1843 HZ - A Data Format for Exchanging Files of Arbitrarily MixedChinese and ASCII characters. F. Lee. August 1995. (Format: TXT=8787 bytes) (Status: INFORMATIONAL)

日本語訳
RFC一覧

参照

Network Working Group                                             F. Lee
Request for Comments: 1843                           Stanford University
Category: Informational                                      August 1995


               HZ - A Data Format for Exchanging Files of
             Arbitrarily Mixed Chinese and ASCII characters

Status of this Memo

   This memo provides information for the Internet community.  This memo
   does not specify an Internet standard of any kind.  Distribution of
   this memo is unlimited.

Abstract

   The content of this memo is identical to an article of the same title
   written by the author on September 4, 1989.  In this memo, GB stands
   for GB2312-80.  Note that the title is kept only for historical
   reasons.  HZ has been widely used for purposes other than "file
   exchange".

1. Introduction

   Most existing computer systems which can handle a text file of
   arbitrarily mixed Chinese and ASCII characters use 8-bit codes.  To
   exchange such text files through electronic mail on ASCII computer
   systems, it is necessary to encode them in a 7-bit format.  A generic
   binary to ASCII encoder is not sufficient, because there is currently
   no universal standard for such 8-bit codes. For example, CCDOS and
   Macintosh's Chinese OS use different internal codes.  Fortunately,
   there is a PRC national standard, GuoBiao (GB), for the encoding of
   Chinese characters, and Chinese characters encoded in the above
   systems can be easily converted to GB by a simple formula. (* The ROC
   standard BIG-5 is outside the scope of this article.)

   HZ is a 7-bit data format proposed for arbitrarily mixed GB and ASCII
   text file exchange.  HZ is also intended for the design of terminal
   emulators that display and edit mixed Chinese and ASCII text files in
   real time.











Lee                          Informational                      [Page 1]

RFC 1843        HZ - A Data Format for Exchanging Files      August 1995


2. Specification

   The format of HZ is described in the following.

   Without loss of generality, we assume that all Chinese characters
   (HanZi) have already been encoded in GB.  A GB (GB1 and GB2) code is
   a two byte code, where the first byte is in the range $21-$77
   (hexadecimal), and the second byte is in the range $21-$7E.

   A graphical ASCII character is a byte in the range $21-$7E. A non-
   graphical ASCII character is a byte in the range $0-$20 or of the
   value $7F.

   Since the range of a graphical ASCII character overlaps that of a GB
   byte, a byte in the range $21-$7E is interpreted according to the
   mode it is in.  There are two modes, namely ASCII mode and GB mode.
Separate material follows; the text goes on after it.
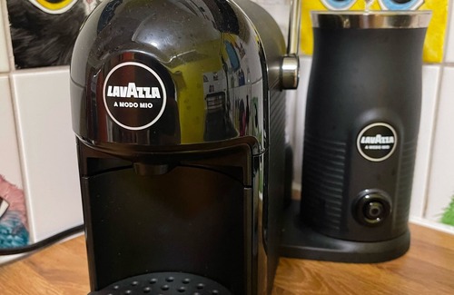 funky colourful kitchen with lavazza coffee machine and milk frother, built in oven, hob, washer/dryer, microwave, fridge freezer

   By convention, a non-graphical ASCII character should only appear in
   ASCII mode.

   The default mode is ASCII mode.

   In ASCII mode, a byte is interpreted as an ASCII character, unless a
   '~' is encountered. The character '~' is an escape character. By
   convention, it must be immediately followed ONLY by '~', '{' or '\n'
   (), with the following special meaning.

   o The escape sequence '~~' is interpreted as a '~'.
   o The escape-to-GB sequence '~{' switches the mode from ASCII to
     GB.
   o The escape sequence '~\n' is a line-continuation marker to be
     consumed with no output produced.

   In GB mode, characters are interpreted two bytes at a time as (pure)
   GB codes until the escape-from-GB code '~}' is read. This code
   switches the mode from GB back to ASCII.  (Note that the escape-
   from-GB code '~}' ($7E7D) is outside the defined GB range.)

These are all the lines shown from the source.